В открытых дверях предрассветной паутиной качался дым, а навстречу ему пробивалась такая солнечная пыльца, будто он происходил в пору яблоневых цветений. С потолка прямо на лицо упала капля влаги и прогнала остатки сна.
«Хорошо же спалось у родной мамы, словно детство вернулось, — удивился, что проспал восход солнца. Даже в госпитале, даже после снотворного Марко чуть ли не всегда просыпался на рассвете. А здесь сразу осрамился перед матерью и Федьком. Что они там делают?»
Со двора голосисто отозвался петух, бухнул топор, ойкнуло расколовшееся дерево, потом послышались чьи-то шаги и отозвался голос Безбородько:
— Доброго утра вам, тетка Анна! Живы-здоровы ли? — удивился Безбородько.
— Да живем твоими молитвами и трудоднями, — неласково ответила мать.
— Чего вы такие сегодня?
— А ты всегда такой.
— Разве?
— Не помнишь? За круглый год ты хоть раз так, как ныне, подошел ко мне или спросил о моем здоровье?
— Вот чего не припоминаю, того не припоминаю. Вас много, я один.
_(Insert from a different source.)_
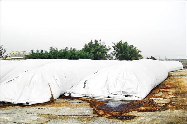 青割玉米用大塑膠袋貯存,像根特大號「大腸」,一條可貯放一百廿五公噸。(記者楊金城攝)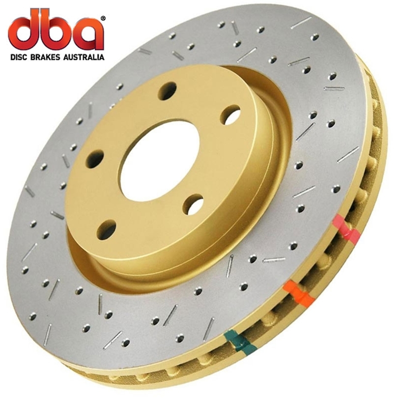 The DBA 4000 Series Cross Drilled and Slotted Brake Rotor is designed to be an upgrade from stock rotors while remaining street driver friendly. Every DBA 4000 Brake Rotor is mil balanced to eliminate vibration which can damage wheel bearings and suspension components. DBA 4000 Cross Drilled and Slotted Brake Rotors all come with a corrosion resistant coating that keeps them looking new and keep the rotor hats from rusting. In addition to all of this DBA uses its patented Kangaroo Paw ventilation which provides superior strength and increased cooling over normal vented Brake Rotors. Replace your worn Hummer H3 2006-2007 factory Front Brake Rotors with DBA 4000 Series Rotors for a extreme street stops and track use.

А если что-то не так было, извиняйте… С праздником вас — с возвращением сына.
— Спасибо на добром слове.
— Одним «спасибо» не отбудете… Хоть бы вчера на беседу позвали.
— Почему же сам не зашел? Мои хоромы не так далеко от твоих. Только твой дворец уже над землей возносится, а мой глубже в землю входит.
— Теперь и ваш, как из воды, выйдет из подземелья. Марко — хозяин, да еще какой! Чем-то, практически, поможем ему, что-то сам подумает-погадает, ну, и вылезете из этого склепа, — рассудительно говорит Безбородько.
Кажется, будто его не гневят не очень радушные слова матери, но намеком о помощи он таки смягчает женское сердце.
— Древесиной надо помочь, — уже жалуется мать на хозяйственные заботы.
— Поможем, разживемся на какой-то нарядик, конечно! Сами понимаем практику!
«Лиса везде остается лисой. Вишь, как принялся умасливать мать», — посмеивается Марко, прислушиваясь к разговору.
— Здоровье же сына, слышал, не очень, чтобы очень? — стелет сочувствие Безбородько.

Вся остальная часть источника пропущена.